With your current patch, idle package check in active_load_balance has
disappeared, and we may endup moving the process from thread 0 to thread 1
in P0. I can't really make logic out of the active_load_balance code
after your patch 10/13

>
> I have been mainly looking at tuning CMP Opterons recently (they
> are closer to a "traditional" SMP+NUMA than SMT, when it comes
> to the scheduler's point of view). However, in earlier revisions
> of the patch I had been looking at SMT performance and was able
> to get it much closer to perfect:
>

I am reasonably sure that the removal of cpu_and_siblings_are_idle check
from active_load_balance will cause HT performance regressions.

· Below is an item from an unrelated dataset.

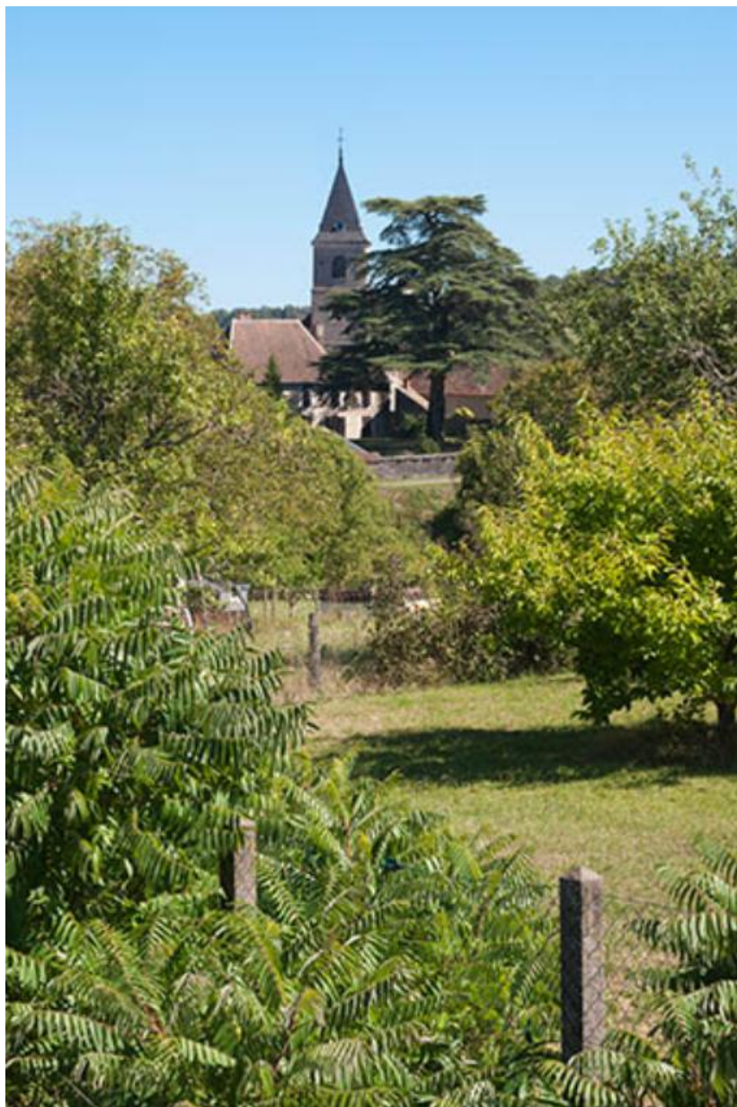
L'église et le château, vue ouest

> I was working on a 4 socket x440 with HT. The problem area is
> usually when the load is lower than the number of logical CPUs.
> So on tbench, we do say 450MB/s with 4 or more threads without
> HT, and 550MB/s with 8 or more threads with HT, however we only
> do 300MB/s with 4 threads.

Are you saying 2.6.11 has this problem?

>
> Those aren't the exact numbers, but that's basically what they
> look like. Now I was able to bring the 4 thread + HT case much
> closer to the 4 thread - HT numbers, but with earlier patchsets.
> When I get a chance I will do more tests on the HT system, but
> the x440 is infuriating for fine tuning performance, because it
> is a NUMA system, but it doesn't tell the kernel about it, so
> it will randomly schedule things on "far away" CPUs, and results
> vary.

Why don't you use any other simple HT+SMP system?

I will also do some performance analysis with your other patches
on some of the systems that I have access to.